[Opening Data for this exercise section]
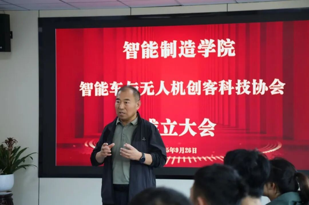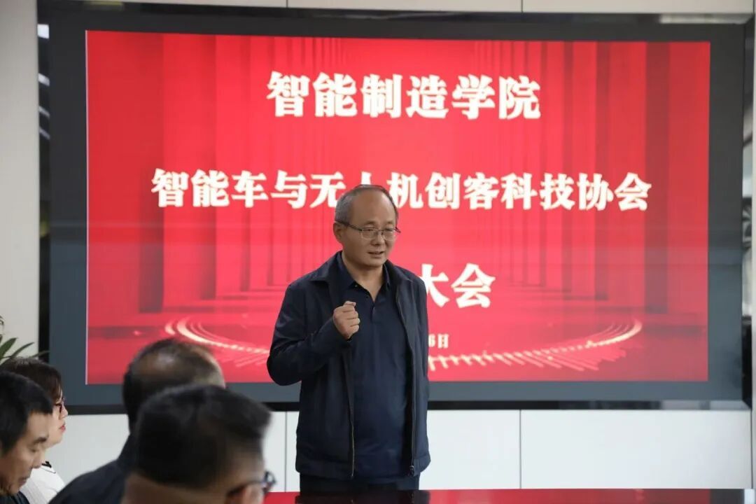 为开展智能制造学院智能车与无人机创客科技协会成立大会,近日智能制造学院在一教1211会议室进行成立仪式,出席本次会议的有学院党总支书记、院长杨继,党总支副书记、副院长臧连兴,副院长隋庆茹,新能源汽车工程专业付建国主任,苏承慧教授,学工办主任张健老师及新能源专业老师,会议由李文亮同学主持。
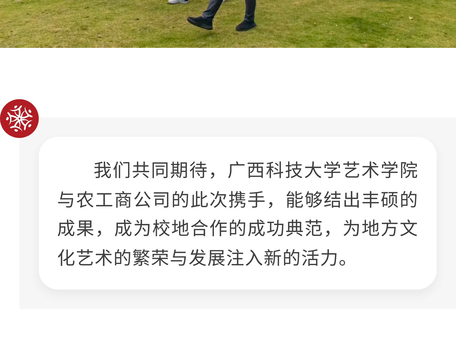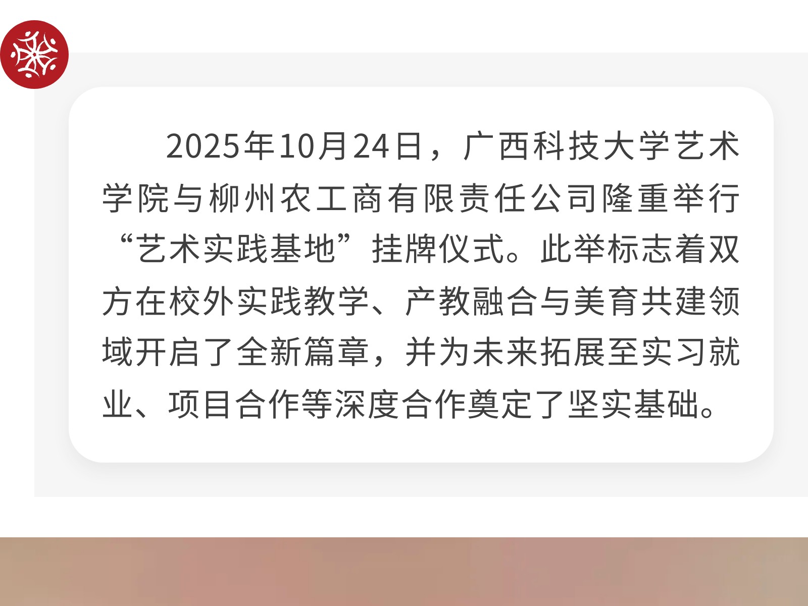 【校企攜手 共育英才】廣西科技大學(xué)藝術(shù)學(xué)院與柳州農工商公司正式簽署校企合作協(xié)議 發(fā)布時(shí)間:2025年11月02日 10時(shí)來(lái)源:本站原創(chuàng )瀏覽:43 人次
[Closing Data for this exercise section]
[Opening Data for this exercise section]
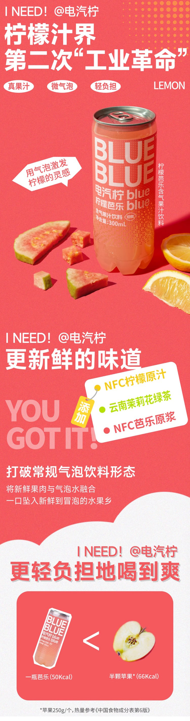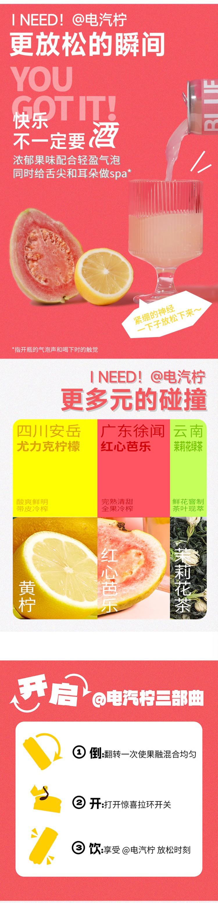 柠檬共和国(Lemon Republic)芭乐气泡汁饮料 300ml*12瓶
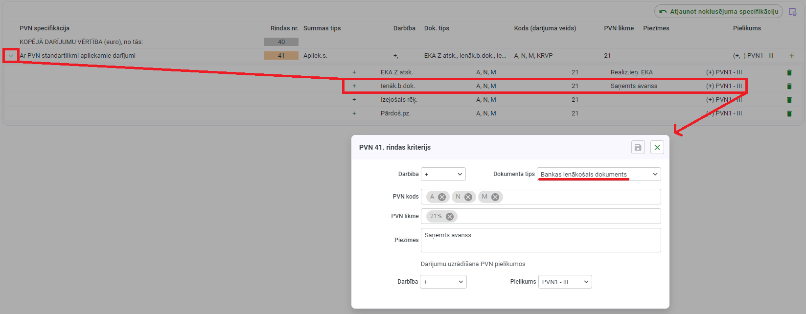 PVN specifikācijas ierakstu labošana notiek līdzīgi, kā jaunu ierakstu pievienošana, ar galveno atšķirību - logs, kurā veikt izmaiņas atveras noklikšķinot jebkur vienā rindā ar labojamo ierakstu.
[Closing Data for this exercise section]
[Opening Data for this exercise section]
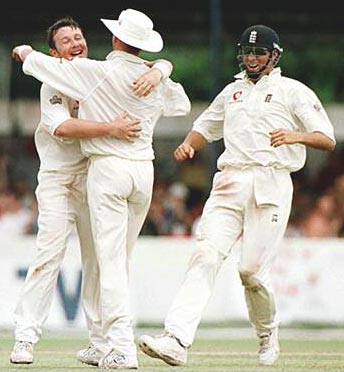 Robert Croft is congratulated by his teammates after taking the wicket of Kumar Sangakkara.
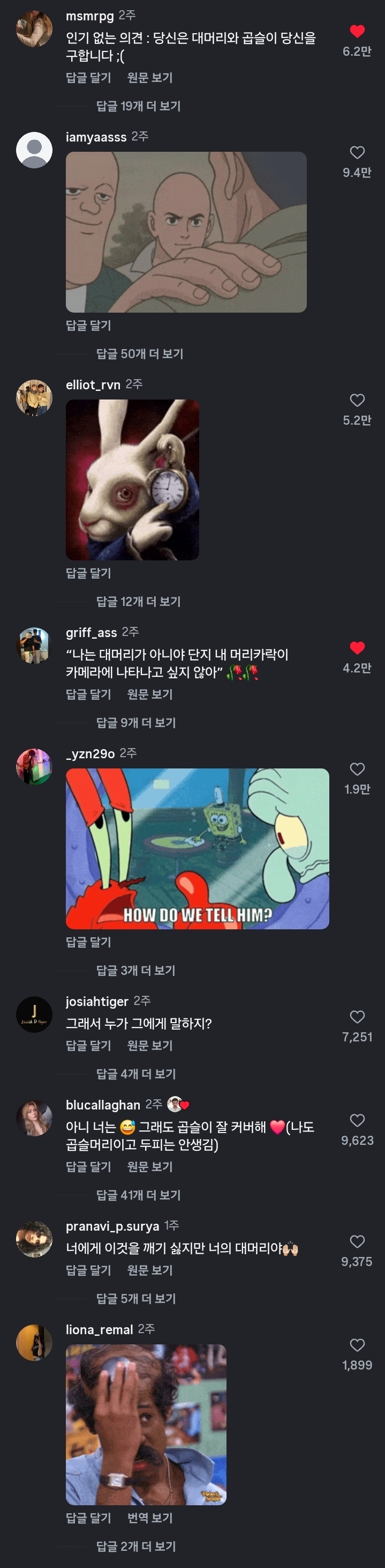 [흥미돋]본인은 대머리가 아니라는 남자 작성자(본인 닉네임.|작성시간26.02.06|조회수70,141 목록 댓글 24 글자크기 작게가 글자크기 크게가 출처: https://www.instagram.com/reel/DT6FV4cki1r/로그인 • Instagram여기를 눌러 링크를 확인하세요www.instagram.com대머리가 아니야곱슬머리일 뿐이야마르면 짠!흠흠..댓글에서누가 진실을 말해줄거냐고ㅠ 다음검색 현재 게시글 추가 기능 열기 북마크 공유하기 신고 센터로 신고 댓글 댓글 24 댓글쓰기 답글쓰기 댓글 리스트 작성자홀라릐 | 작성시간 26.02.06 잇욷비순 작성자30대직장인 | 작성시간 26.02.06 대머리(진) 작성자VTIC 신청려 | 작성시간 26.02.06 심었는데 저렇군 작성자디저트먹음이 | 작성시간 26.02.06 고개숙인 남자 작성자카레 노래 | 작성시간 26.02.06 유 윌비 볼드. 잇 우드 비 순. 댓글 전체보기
[Closing Data for this exercise section]
## Exercise directions
In the records above, find the line with "为开展智能制造学院智能车与无" and the line with "10時(shí)來(lái)源:本站原創(chuàng )瀏覽:43 人次"; please transcribe exactly those two lines and all lines between them, omitting any picture.

## Solution for this problem
 为开展智能制造学院智能车与无人机创客科技协会成立大会,近日智能制造学院在一教1211会议室进行成立仪式,出席本次会议的有学院党总支书记、院长杨继,党总支副书记、副院长臧连兴,副院长隋庆茹,新能源汽车工程专业付建国主任,苏承慧教授,学工办主任张健老师及新能源专业老师,会议由李文亮同学主持。
 【校企攜手 共育英才】廣西科技大學(xué)藝術(shù)學(xué)院與柳州農工商公司正式簽署校企合作協(xié)議 發(fā)布時(shí)間:2025年11月02日 10時(shí)來(lái)源:本站原創(chuàng )瀏覽:43 人次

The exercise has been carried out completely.